Emotion Recognition (ER)

This task predicts an emotion class for each utterance. The most widely used ER dataset IEMOCAP is adopted in this work.

Dysarthria Classification (DYC)

The task is to assess the Therapy Outcome Measure (TOM) of a dysarthric patient ranging from 1 to 5 corresponding to different severities of dysarthria, and 0 for control subjects. We adopted the EasyCall Dataset for the task.

Accent Classification (AcC)

This task classifies different accents of the same language.We used the AccentDB Dataset containing 4 Indian-English accents, 4 native-English and 1 metropolitan Indian-English accent.

Sarcasm Detection (SD)

The task is to detect whether an utterance contains sarcasm.
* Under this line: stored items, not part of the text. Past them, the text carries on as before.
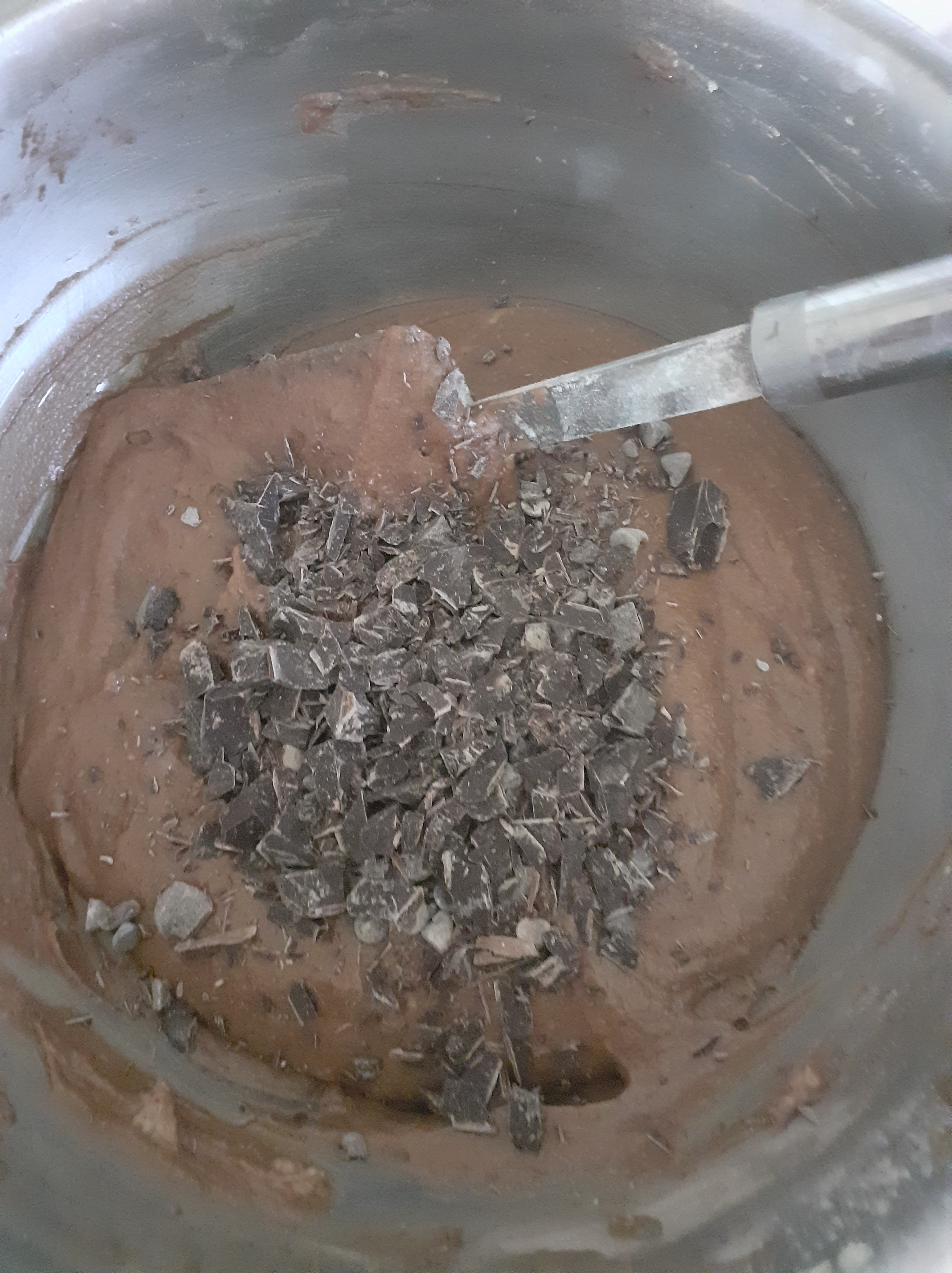 In fine aggiungiamo le gocce di cioccolato lasciando da parte una manciata per guarnire la superficie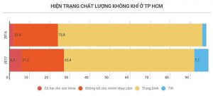 Trong khi đó, TP.HCM chỉ có 87 ngày chỉ số chất lượng không khí trung bình, 14 ngày vượt quá quy chuẩn quốc gia, 222 ngày vượt quá tiêu chuẩn WHO.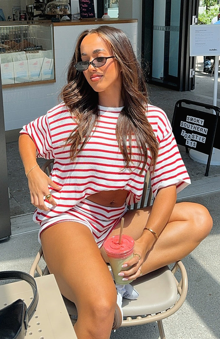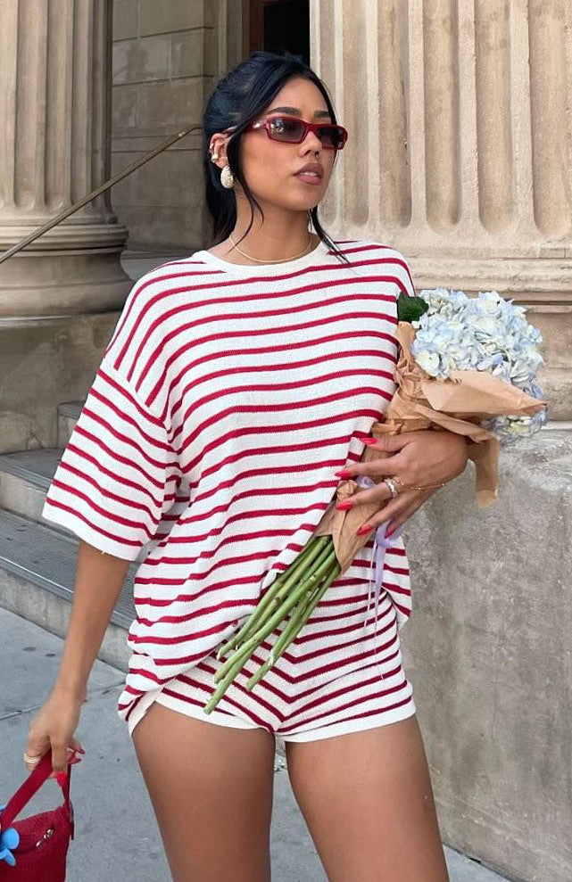 The All The Little Things Top Red Stripe is a must for your new season lounge collection. Features an over-sized look. no lining. slightly sheer. stretch material for an easy slip on design and full length. Style with All The Little Things Shorts and your favourite pair of sneakers for a cozy vibe!Â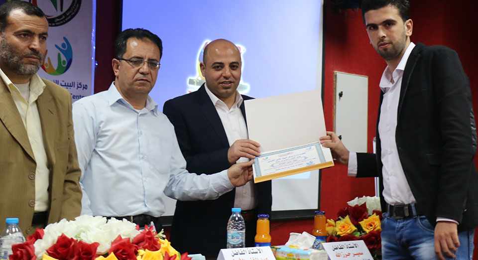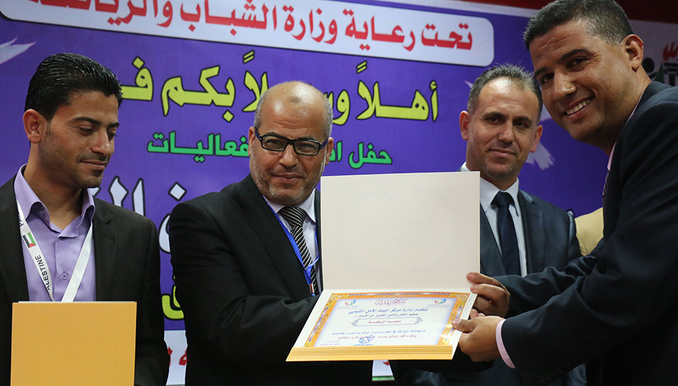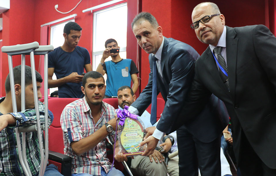 وفي نهاية الحفل تم تكريم المساهمين والمشاركين في هذا الحفل وتكريم جرحى حرب غزة 2014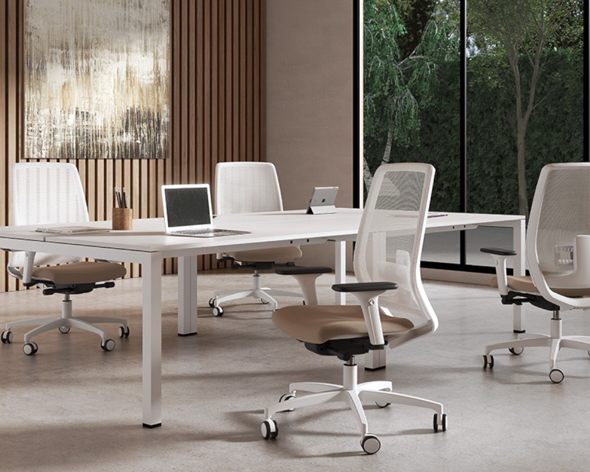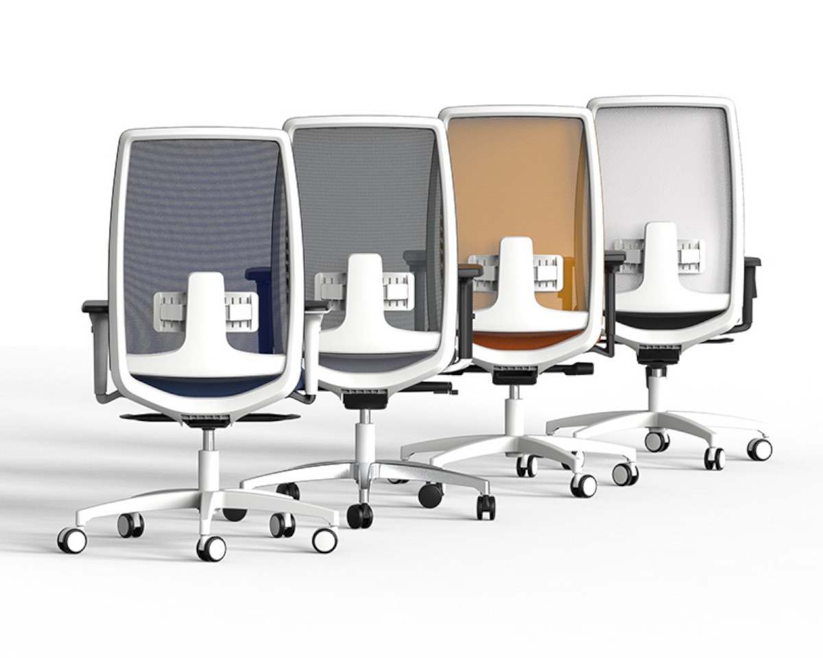 Disponible en dos versiones: blanca o negra, New Light es la elección ideal para quienes buscan una silla ergonómica, personalizable y respetuosa con el medio ambiente.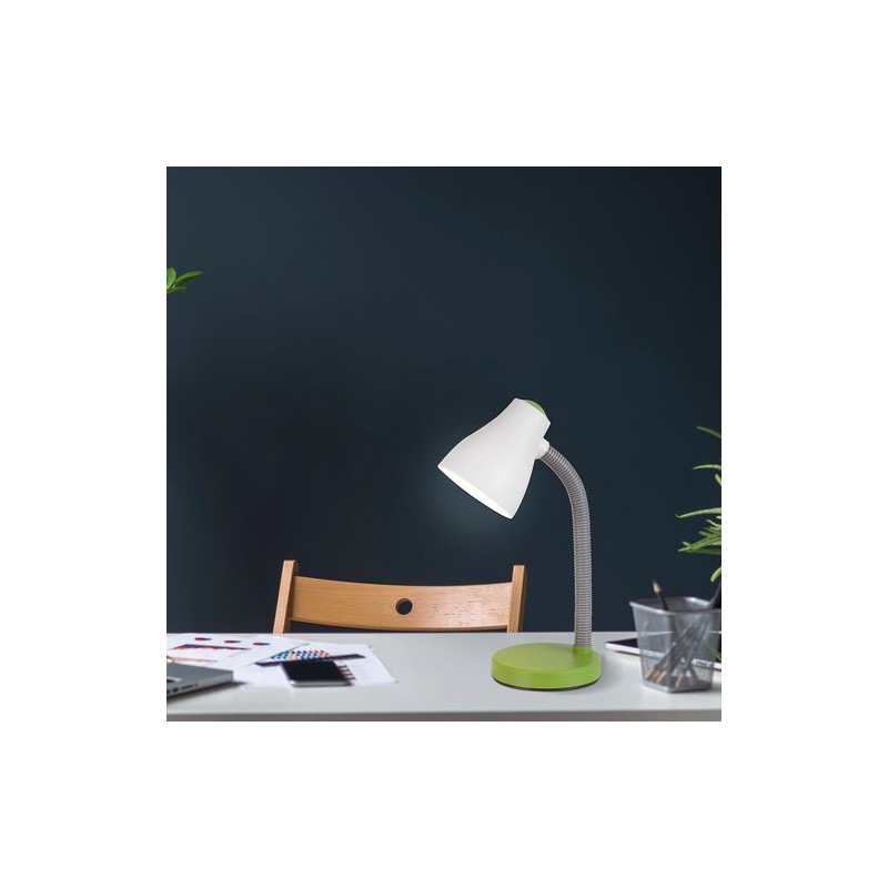 Moderné stolové svietidlo vincent. Odporúčaná miestnosť pre použitie je pracovná izba, detská izba. Farba lampy zelená. Farba tienidla biela. Materiál lampy umelá hmota. Materiál tienidla umelá hmota

We adopted 2 datasets, Mustard and Muatard++, of which the former can be said to be a subset of the latter.

Gender Identification (GID)

The task aims to distinguish the sex of the speaker. We adopted the VoxCeleb1 Dataset and obtained the label based on the provided speaker information.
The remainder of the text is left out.